The International Contact Center Conference & Expo was held in the Philippines recently. The conference was one of the many steps that the country has taken in the recent months to promote themselves as the epicenter of call center activity. The conference was scheduled to help the country and the participating BPO companies to fight the challenges that the business process outsourcing community was facing in the recent times. With the rise of the profit line in the country, it was time for the call center services units to brace themselves for greater profits in the second quarter of the year. The emergence of new technology in the BPO service was another point of discussion.

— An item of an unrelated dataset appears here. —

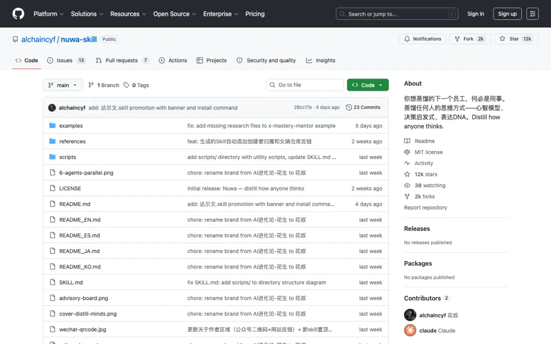 GitHub:https://github.com/alchaincyf/nuwa-skill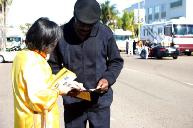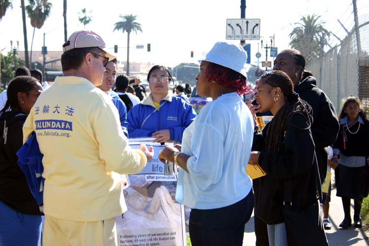 人们纷纷索要传单。人们不解的问:“为什么?”“为什么要迫害这群好人?”“我们怎么才能帮助你们?”一个西班牙语媒体的记者从始至终跟随着我们的队伍,不断拍照并问学员问题,最后表示要学功。一位黑人男士说,这些学员遭到的迫害比黑人历史上遭到的迫害严重无数倍。一个黑人小女孩一直跟在酷刑展车的后面,目不转睛的盯着几组展览。一名观众说,“你们做得对!就应该把邪恶揭露出来。”另一名观众说要帮助我们联系人权团体。

Such conferences that bring the telemarketing business firms together are very important in chalking something out for the future. The Philippines was the ideal destination for such a call center seminar because the country is finally in the running to beat other destinations as the hub of BPO activity. This was an opportunity for the delegates of business process outsourcing units all over the world to gather and discuss their business on the sidelines. Such conferences are also ideal for lead generation for BPO service firms. They can contact business heads and clients and show them what sort of telemarketing services projects they are capable of handling.
For those not in the loop, the BPO experts of the Philippines were in USA a couple of months back to protest against the anti-offshore call center outsourcing bill of New York Senator Charles E. Schumer. The delegates told the Senator that they expected better steps from an economic super power like USA because such legislations affected the economies of countries like theirs. Their argument was to allow telemarketing outsourcing to their country as usual. If there was something to be done, they requested for higher tax cuts. It remains to be seen if their efforts actually stalls the bill, but not every government would go to that extent to nurture the business process outsourcing industry.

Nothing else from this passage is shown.